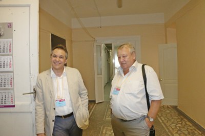 Член-корреспондент Российской академии наук (РАН) Мушников Н.В. (Институт физики металлов им. М.Н. Михеева Уральского отделения РАН (УрО РАН) (слева) с директором Института физики им. Л.В. Киренского Сибирского отделения Российской академии наук Волковым Н.В во время Евро-Азиатского симпозиума "Прогресс в магнетизме" (EASTMAG-2016) в Краснояррске.
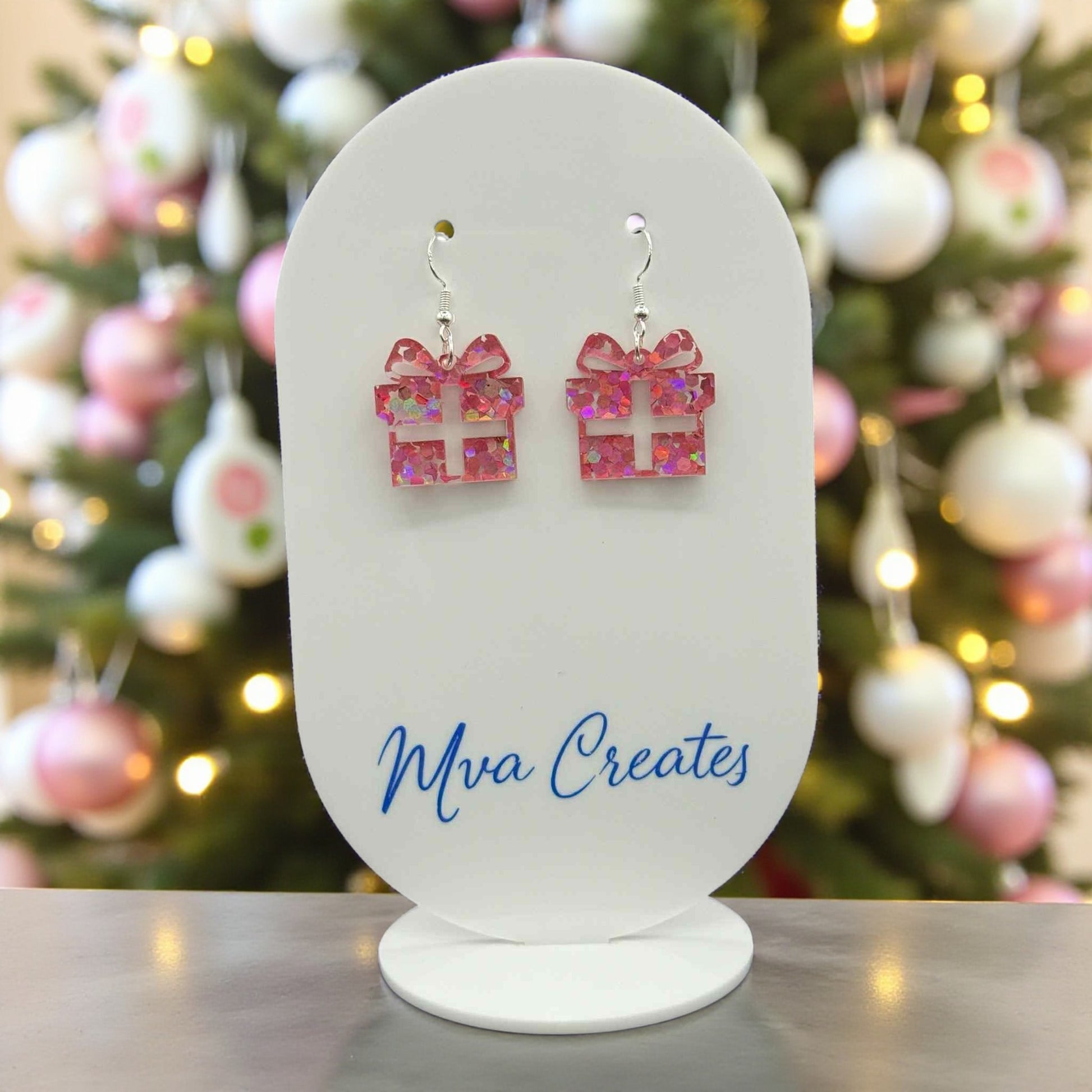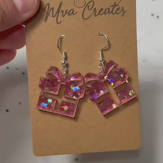 Pink Glitter Gift Box Earrings | Holiday Acrylic Earrings | Festive Jewelry Gift
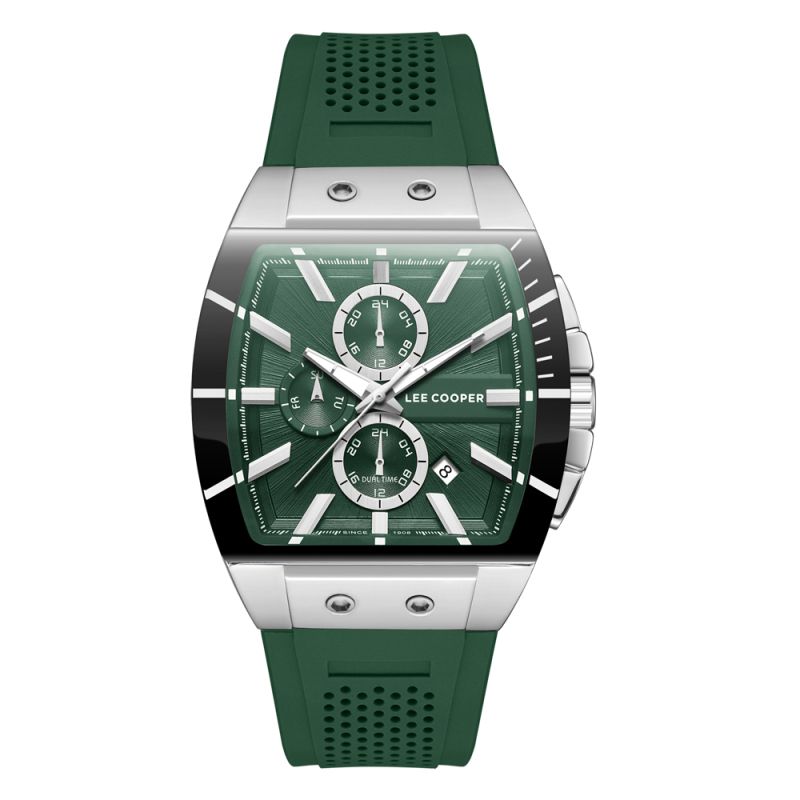 Мъжки часовник Lee Cooper със спорен дизайн от колекцията Classic Dual Time. Корпус изработен от супер метал - специална сплав, създадена от марката. Силиконова каишка. Тъмнозелен мултифункционален дисплей с показатели за ден, дата и двойно време. Стъкло минерал-кристал. Задвижва се от кварцов механизъм. Водоустойчивост 5 ATM - допускат се леки пръски и взимане на душ, не се препоръчва обилно мокрене.
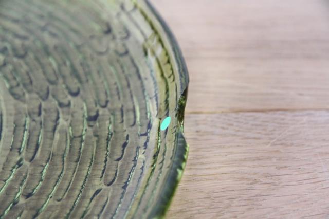 デザイン: プレスガラスによる、存在感のあるボコボコとした手触りのテクスチャー。
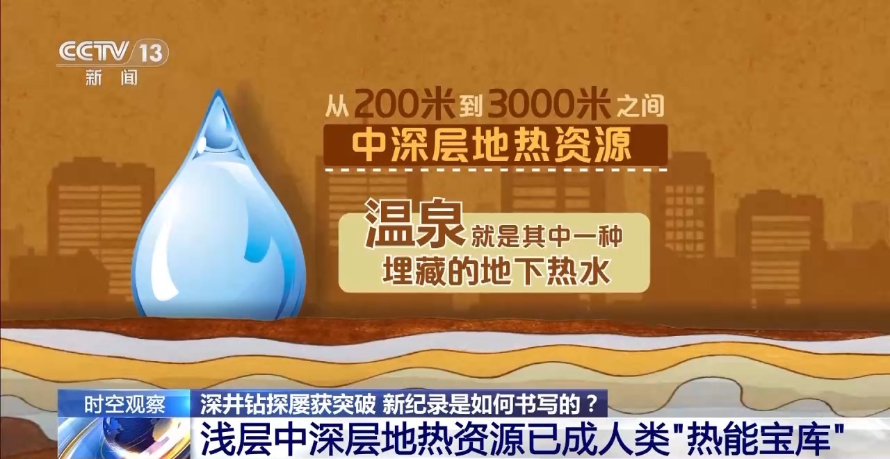 從地面鑽井,到地下200米以內,一般就是淺層地熱資源,温度低於25℃,它們的特點是温度全年保持穩定,可以利用地表與室外空氣温差,在冬季為室內供暖、夏季供冷。從200米繼續往下,到3千米之間,是中深層地熱資源,埋藏的地下熱水也就是我們熟知的温泉,就是其中一種。
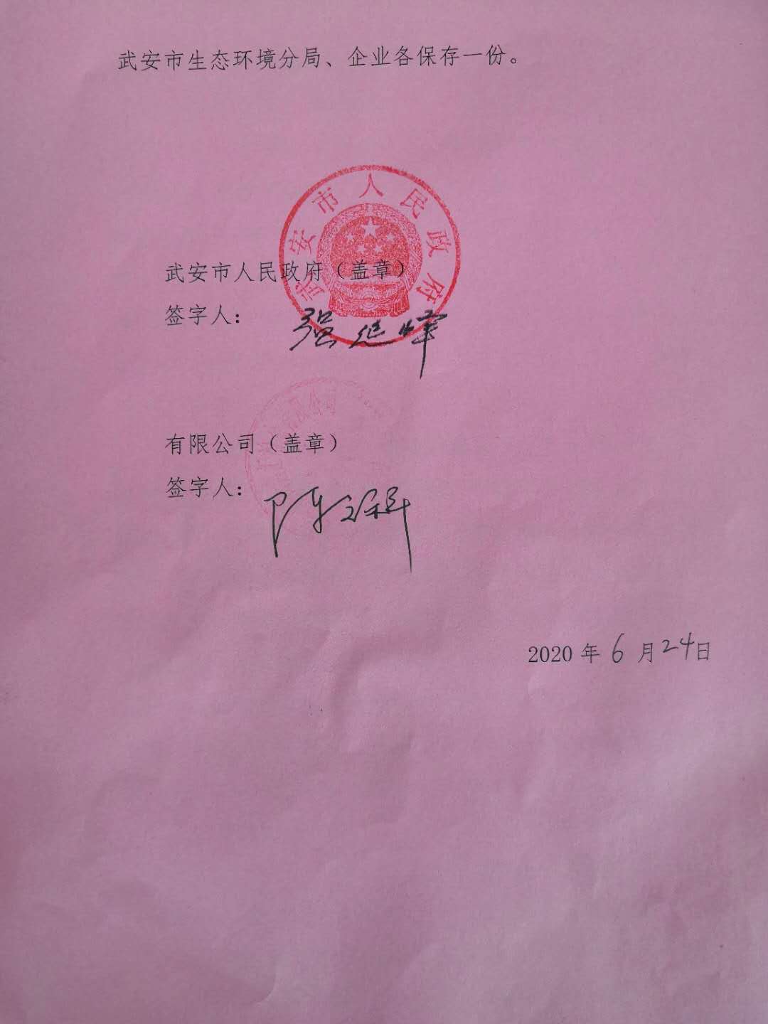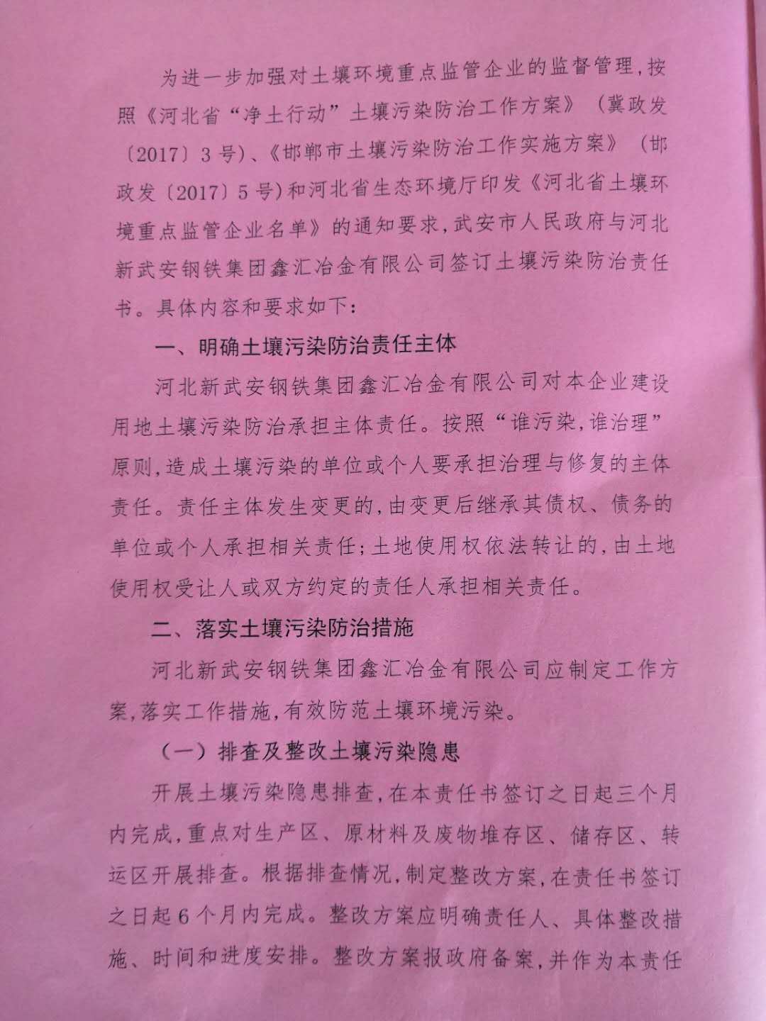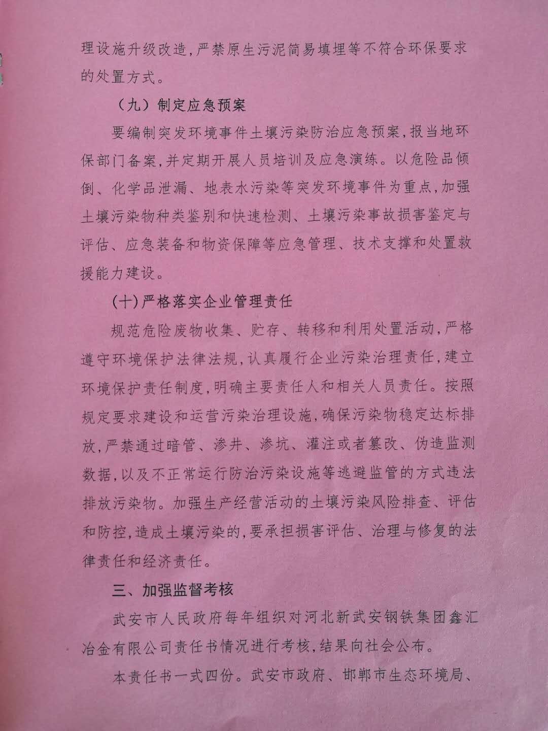 武安市人民政府土壤環境重點監管企業污染防治責任書

• • •

▸ Problem statement
Starting at the line that holds "Мъжки часовник Lee", retype every line through the end of the data, both ends included. Pictures stay out of the copy.

▸ The answer
 Мъжки часовник Lee Cooper със спорен дизайн от колекцията Classic Dual Time. Корпус изработен от супер метал - специална сплав, създадена от марката. Силиконова каишка. Тъмнозелен мултифункционален дисплей с показатели за ден, дата и двойно време. Стъкло минерал-кристал. Задвижва се от кварцов механизъм. Водоустойчивост 5 ATM - допускат се леки пръски и взимане на душ, не се препоръчва обилно мокрене.
 デザイン: プレスガラスによる、存在感のあるボコボコとした手触りのテクスチャー。
 從地面鑽井,到地下200米以內,一般就是淺層地熱資源,温度低於25℃,它們的特點是温度全年保持穩定,可以利用地表與室外空氣温差,在冬季為室內供暖、夏季供冷。從200米繼續往下,到3千米之間,是中深層地熱資源,埋藏的地下熱水也就是我們熟知的温泉,就是其中一種。
 武安市人民政府土壤環境重點監管企業污染防治責任書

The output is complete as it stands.